Re: SpanQuery and BoostingTermQuery oddities

Posted by Michael McCandless <lu...@mikemccandless.com>.

All Span*Query seem to rely on the SpanQuery.createWeight (which
returns SpanWeight/SpanScorer) to make their weight/scorer.
SpanScorer in turn simply enumerates all spans summing up their
"sloppy freq" and always scoring with that, regardless of the sub
queries.

So SpanNearQuery (or any composite span query, eg even SpanFirstQuery
I think will do this), disregards the scores of its child query/ies.

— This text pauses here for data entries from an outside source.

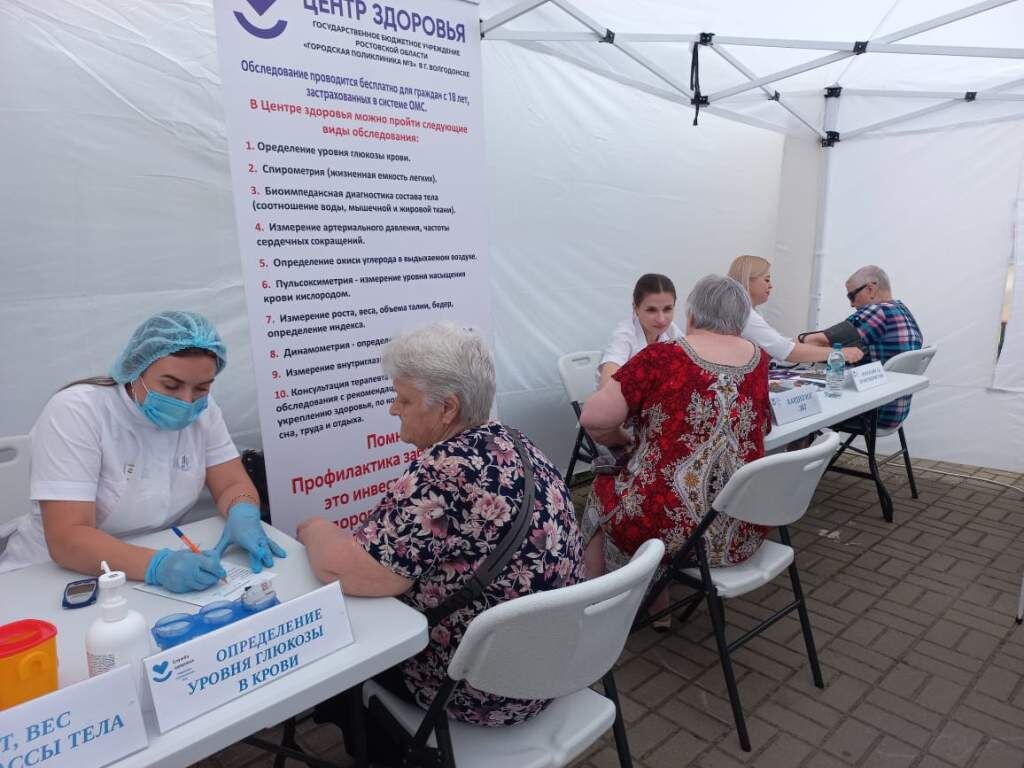 3 июля в рамках губернаторского проекта «Медицина на Дону» в Волгодонске открылся передвижной «Пункт здоровья», где любой желающий может пройти бесплатное экспресс-обследование. Первый день работы мобильного медицинского пункта прошел у входа в парк Победы со стороны почтамта. На площади Победы разместилась большая медицинская палатка с импровизированной регистратурой, где записывали данные всех желающих пройти обследование. В рамках четырехчасовой работы (с 9 до 13 часов) медицинские сотрудники проводили экспресс-тесты на глюкозу, измеряли артериальное давление, рост и вес для расчета индекса массы тела, определяли уровень кислорода в крови и снимали электрокардиограмму. Волонтеры предлагали питьевую воду всем ожидающим в очереди. После обследования с пациентами беседовали врач-кардиолог Виктория Порскал и врач-терапевт, руководитель «Центра здоровья» Светлана Корнева. -Наша цель — профилактика неинфекционных заболеваний. Мы выявляем факторы риска: курение, употребление алкоголя, недо
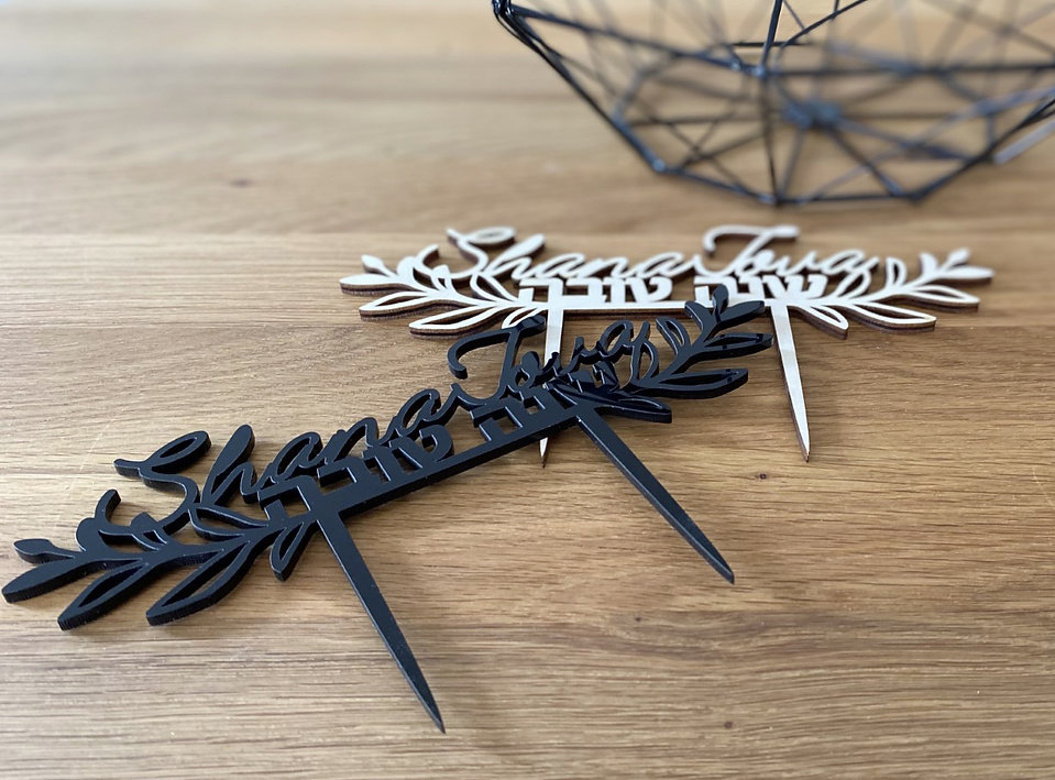 Erhältlich in den Varianten Schwarz oder Holzoptik, vereint der Cake Topper modernes Design mit traditionellem Gruß. Ideal für jüdische Neujahrsfeiern, Schabbat oder festliche Anlässe.
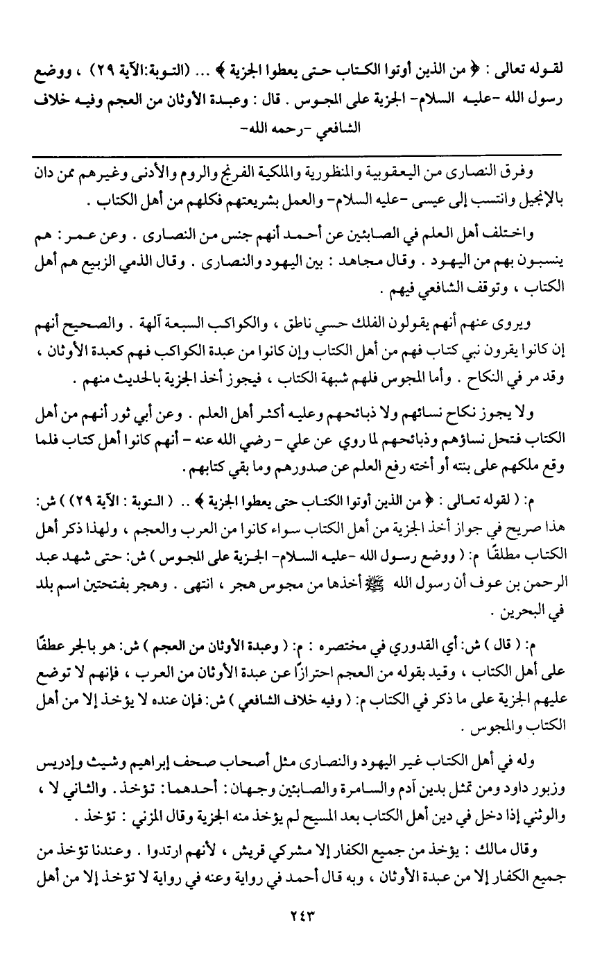 ـــــــــــــــــــــــــــــQوفرق النصارى من اليعقوبية والنسطورية والملكية الفرنج والروم والأدنى، وغيرهم ممن دان بالإنجيل وانتسب إلى عيسى - عَلَيْهِ السَّلَامُ - والعمل بشريعتهم، فكلهم من أهل الكتاب.
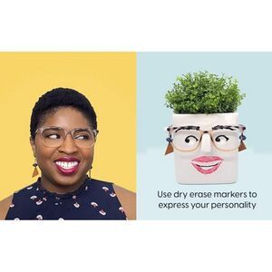 Use dry-erase markers to give the Face Plant personality! Doing so makes boring potted indoor houseplants 20% less boring instantly. (pen and glasses not provided, use your own!)
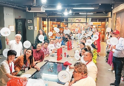 “漢語(yǔ)橋”哥倫比亞教育工作者訪華團(tuán)組到天津楊柳青古鎮(zhèn)體驗(yàn)?zāi)戤嬛谱鳌?/p>
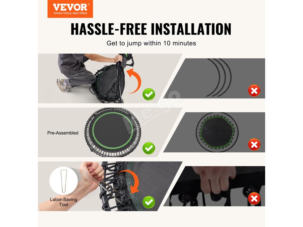Začnite skákať rýchlejšie vďaka bezproblémovej montáži. Cvičebná trampolína sa dodáva čiastočne zmontovaná, vďaka čomu ju môžete mať kompletne nastavenú a pripravenú na používanie už za 10 minút.
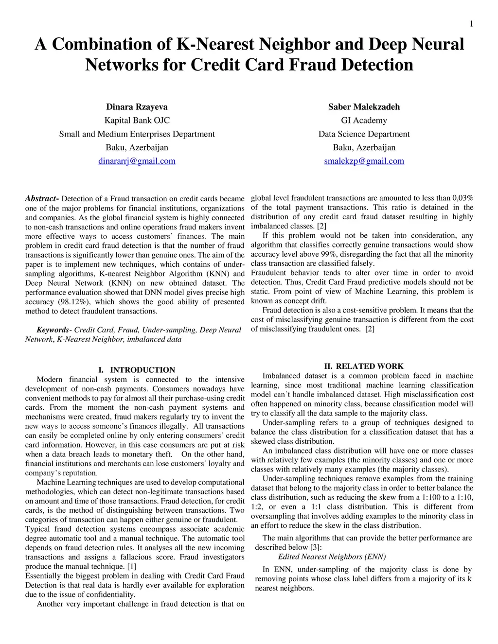 Detection of a Fraud transaction on credit cards became one of the major problems for financial institutions, organizations and companies. As the global financial system is highly connected to non-cash transactions and online operations fraud makers invent more effective ways to access customers' finances. The main problem in credit card fraud detection is that the number of fraud transactions is significantly lower than genuine ones. The aim of the paper is to implement new techniques, which contains of under-sampling algorithms, K-nearest Neighbor Algorithm (KNN) and Deep Neural Network (KNN) on new obtained dataset. The performance evaluation showed that DNN model gives precise high accuracy (98.12%), which shows the good ability of presented method to detect fraudulent transactions.
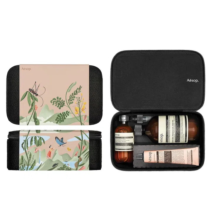 The amenity case with a beautifully illustrated paper sleeve designed by Norwegian artist Bendik Kaltenborn contains full sizes of Aesop’s pampering body products – A Rose By Any Other Name Body Cleanser, Rejuvenate Intensive Body Balm and Resurrection Aromatique Hand Balm as well as Hand Wash.
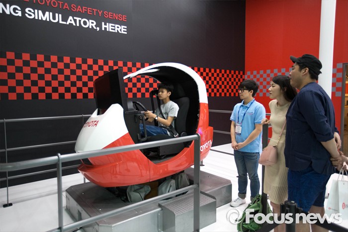 (부산=포커스뉴스) 3일 오후 부산 해운대구에 위치한 벡스코에서 열린 '2016 부산국제모터쇼'에서 관람객들이 토요타 부스에 마련된 차량 운전 시뮬레이션을 하고 있다.
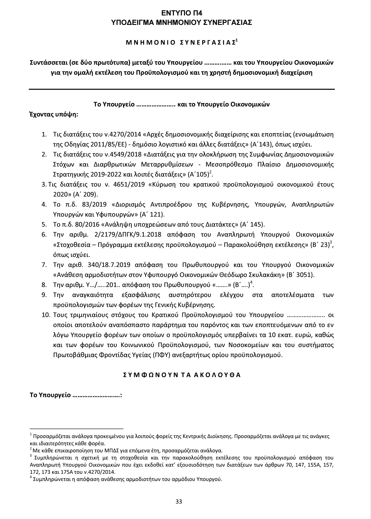«Μνημόνιο» συνεργασίας με όλα τα υπουργεία, για να σεβαστούν τις υποχρεώσεις που απορρέουν από την αυξημένη μεταμνημονιακή Εποπτεία της χώρας από την ευρωπαϊκή «τρόικα» (ΕΕ,ΕΚΤ, ΕΜΣ) υπογράφει το υπουργείο Οικονομικών. Η εγκὐκλιος εφαρμογής του νέου Κρατικού Προϋπολογισμού την οποία υπέγραψε ο υφυπουργός Οικονομικών Θεόδωρος Σκυλακάκης, βάζει φραγμούς και ελέγχους στις δαπάνες και τις προσλήψεις όλων των κρατικών φορέων για το 2020.

I agree it's odd... it seems like composite span queries ought to take
their child query scoring into account.  This would be a benefit of
merging into the normal Query*, since these composite queries already
factor in scoring from their sub queries.

Mike

On Wed, Aug 5, 2009 at 11:01 AM, Mark Miller<ma...@gmail.com> wrote:
> Grant Ingersoll wrote:
>>
>> On Aug 5, 2009, at 10:07 AM, Mark Miller wrote:
>>>
>>> Yeah - SpanQuery's don't use the boosts from subspans - it just uses the
>>> idf for the query terms and the span length I believe - and the boost for
>>> the top level Query.
>>>
>>> Is that the right way to go? I guess Doug seemed to think so? I don't
>>> know. It is sort of a bug that lower boosts would be ignored right? There is
>>> an issue for it somewhere.
>>>
>>> It gets complicated quick to change it - all of a sudden you need
>>> something like BooleanQuery ...
>>>
>>
>> Not sure it needs BooleanQuery, but it does seem like it should take into
>> account the scores of the subclauses (regardless of BoostingTermQuery).
>>  There is a spot in creating the SpanScorer where it gets the value from the
>> QueryWeight, but this QueryWeight does not account for the subclauses
>> QueryWeights.
>>
>
> It doesn't need BooleanQuery - it needs BooleanQuery type logic - which is
> fairly complicated. At least to do it right I think. I don't have a clear
> memory of it, but I started to try and address this once and ...
> well I didn't continue.
>
> --
> - Mark
>
> http://www.lucidimagination.com
>
>
>
>
> ---------------------------------------------------------------------
> To unsubscribe, e-mail: java-dev-unsubscribe@lucene.apache.org
> For additional commands, e-mail: java-dev-help@lucene.apache.org
>
>

---------------------------------------------------------------------
To unsubscribe, e-mail: java-dev-unsubscribe@lucene.apache.org
For additional commands, e-mail: java-dev-help@lucene.apache.org

Re: SpanQuery and BoostingTermQuery oddities

Posted by Mark Miller <ma...@gmail.com>.

Grant Ingersoll wrote:
>
> On Aug 5, 2009, at 10:07 AM, Mark Miller wrote:
>> Yeah - SpanQuery's don't use the boosts from subspans - it just uses 
>> the idf for the query terms and the span length I believe - and the 
>> boost for the top level Query.
>>
>> Is that the right way to go? I guess Doug seemed to think so? I don't 
>> know. It is sort of a bug that lower boosts would be ignored right? 
>> There is an issue for it somewhere.
>>
>> It gets complicated quick to change it - all of a sudden you need 
>> something like BooleanQuery ...
>>
>
> Not sure it needs BooleanQuery, but it does seem like it should take 
> into account the scores of the subclauses (regardless of 
> BoostingTermQuery).  There is a spot in creating the SpanScorer where 
> it gets the value from the QueryWeight, but this QueryWeight does not 
> account for the subclauses QueryWeights.
>

It doesn't need BooleanQuery - it needs BooleanQuery type logic - which 
is fairly complicated. At least to do it right I think. I don't have a 
clear memory of it, but I started to try and address this once and ...
well I didn't continue.

-- 
- Mark

http://www.lucidimagination.com




---------------------------------------------------------------------
To unsubscribe, e-mail: java-dev-unsubscribe@lucene.apache.org
For additional commands, e-mail: java-dev-help@lucene.apache.org

Re: SpanQuery and BoostingTermQuery oddities

Posted by Grant Ingersoll <gs...@apache.org>.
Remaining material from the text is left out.